Under such constraints, Rawls believes that parties would find his favored principles of justice to be especially attractive, winning out over varied alternatives, including utilitarian and libertarian accounts.
..
The First Principle of Justice

Each person is to have an equal right to the most extensive scheme of equal basic liberties compatible with a similar scheme of liberties for others.

The basic liberties of citizens are :
roughly speaking,
political liberty (i.e., to vote and run for office),
freedom of speech and assembly,
liberty of conscience,
freedom of personal property;
and freedom from arbitrary arrest.

However, he says:
liberties not on the list,
for example, the right to own certain kinds of property (e.g. means of production) and freedom of contract as understood by the doctrine of laissez-faire are not basic; and so they are not protected by the priority of the first principle.

The first principle is more or less absolute, and may not be violated, even for the sake of the second principle, above an unspecified but low level of economic development (i.e. the first principle is, under most conditions, lexically prior to the second principle).

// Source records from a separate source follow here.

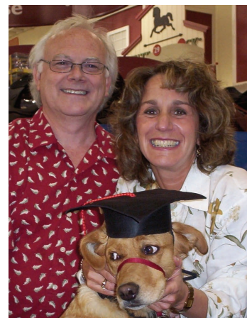
Me graduating from Dog class with Mom & Dad

Cuddling with mommy when she comes home from work is her favorite thing. She also enjoys taking her mommy on a run every morning, and Daddy on a walk every evening. Foxy is a very, very special addition to our family."
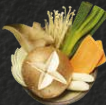
Assorted Veg Ve 7.5
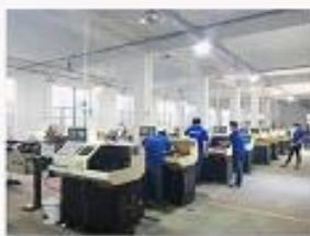
2. Lathe workshop
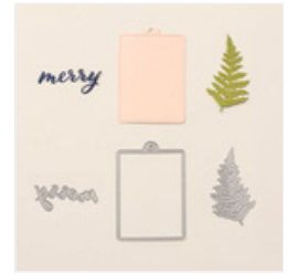
Merry Tags & More Dies - 165639
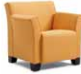
with arms TS31402

Lobby, waiting room, consultation room, doctors' lounge
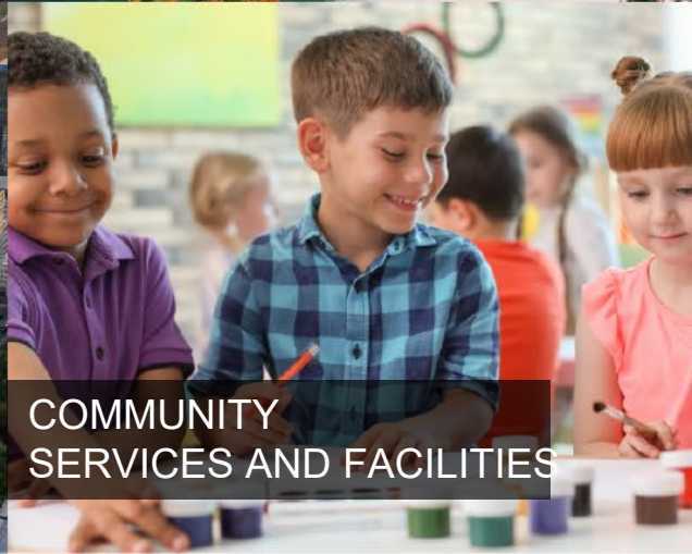
COMMUNITY SERVICES AND FACILITIES
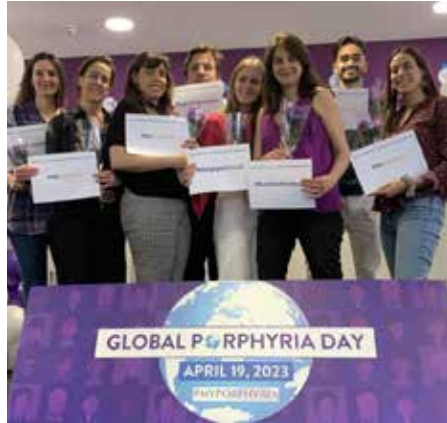
Alnylam Pharmaceuticals celebrated Global Porphyria Day.

This year's Global Porphyria Day was April 19, and groups around the world observed the date. The Brazil Porphyria Foundation hosted a series of activities and educational projects. The Canadian Porphyria Association lit the capitol with purple, and Alnylam Pharmaceuticals threw a party.
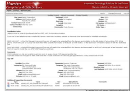
Our real-time FastTrack project tracking system.

We will do the leg work to get all local approvals needed to do the job.

However, because various basic liberties may conflict, it may be necessary to trade them off against each other for the sake of obtaining the largest possible system of rights.
There is thus some uncertainty as to exactly what is mandated by the principle, and it is possible that a plurality of sets of liberties satisfy its requirements.
..
The Second Principle of Justice

Social and economic inequalities are to be arranged so that :
a) they are to be of the greatest benefit to the least-advantaged members of society (the difference principle).
b) offices and positions must be open to everyone under conditions of fair equality of opportunity

Rawls' claim in a is that departures from equality of a list of what he calls primary goods
– 'things which a rational man wants whatever else he wants' –
are justified only to the extent that they improve the lot of those who are worst
-off under that distribution in comparison with the previous, equal, distribution.

His position is at least in some sense egalitarian, with a proviso that equality is not to be achieved by worsening the position of the least advantaged.

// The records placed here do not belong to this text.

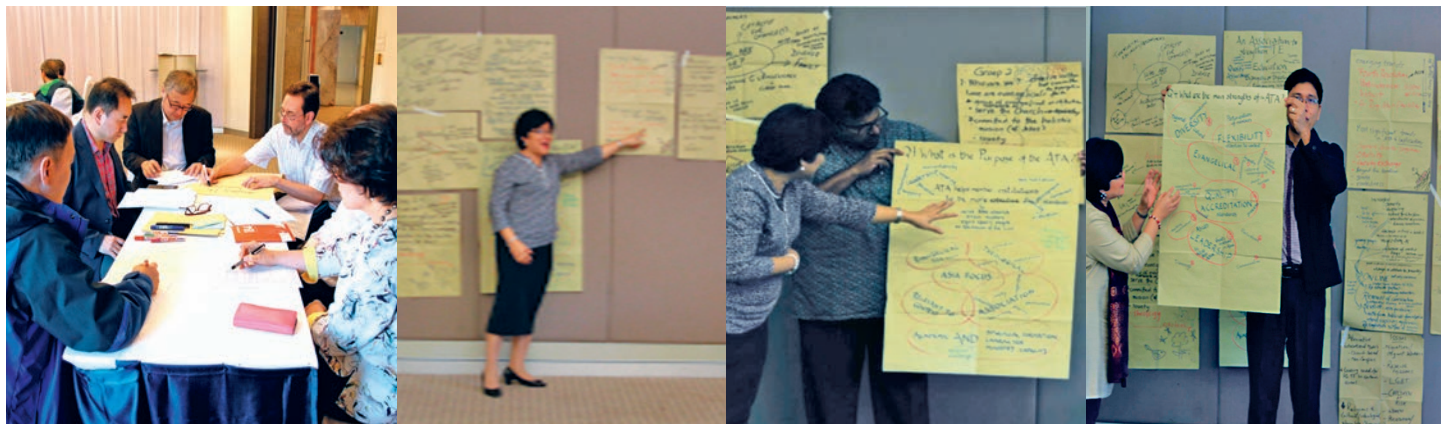
Lively discussions during Strategic Planning
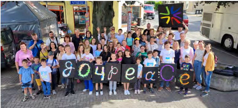
The go4peace-group from Kamen in Dortmund-Wickede

"It's a pity that this week is now coming to an end! It was by far the best I've had since I arrived here in Germany! Sometimes I catch myself thinking that I don't want to go back to Ukraine, because I found something new in this camp that totally fulfils me," is what I read in the WhatsApp message of a Ukrainian woman who has been living with her son in Kamen for half a year.
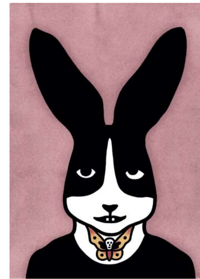
B.B. 2011 linocut, ink and watercolour 26 x 19 cm edition 23
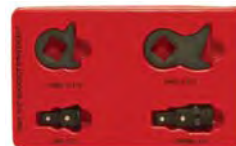
LT1940-1/2 includes - 1/2" Short Throw Shockit Driver 1/2" Long Throw Shockit Driver 1/2" Low Profile Drive Plug 1/2" Drive Plug Breaker Bar
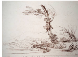
Title: Landscape with Two Seated Figures, One Holding a Hawk (after Guercino) Date: n.d. Primary Maker: Arthur Pond Medium: Print
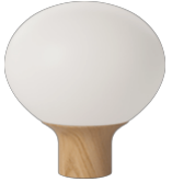
Acorn Table Lamp Ø32 cm
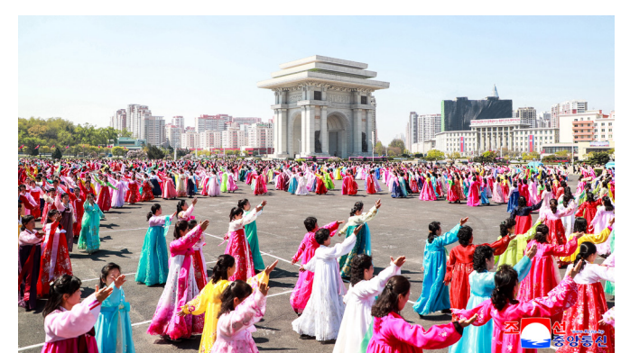
A dance party of women's union officials and members takes place at the plaza of the Arch of Triumph in Pyongyang on April 25.

They called for making a positive contribution to consolidating in every way the military muscle of the country, keeping in mind the pride that no one in the world can match the Korean People's Army thanks to Kim Jong Un who is glorifying forever the outstanding military ideas of the peerlessly great men and ushering in a golden age of building the revolutionary armed forces.
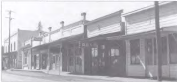
Main Street, Geyserville, looking south in May, 1938. The "Zan...." painted on the wall of the two-story I.O.O.F (Odd Fellows) building was identified from the ad in The Geysers 1938 yearbook as "Zanzi's, Plate Lunch, Fountain Service."

Next to and south of Lampson garage was Butterfield's Barber Shop. I only had my hair cut there a couple of times, because my father had always cut my hair.

An important consequence here, however, is that inequalities can actually be just on Rawls's view, as long as they are to the benefit of the least well off.

His argument for this position rests heavily on the claim that morally arbitrary factors (for example, the family we're born into) shouldn't determine our life chances or opportunities.

Rawls is also keying on an intuition that we do not deserve inborn talents,
thus we are not entitled to all the benefits we could possibly receive from them, meaning that at least one of the criteria which could provide an alternative to equality in assessing the justice of distributions is eliminated.

The stipulation in b is lexically prior to that in a.

"Fair equality of opportunity"
requires not merely that offices and positions are distributed on the basis of merit, but that all have reasonable opportunity to acquire the skills on the basis of which merit is assessed.

It is often thought that this stipulation,
and even the first principle of justice,
may require greater equality than the difference principle,
because large social and economic inequalities,
even when they are to the advantage of the worst-off,
will tend to seriously undermine the value of the political liberties and any measures towards fair equality of opportunity.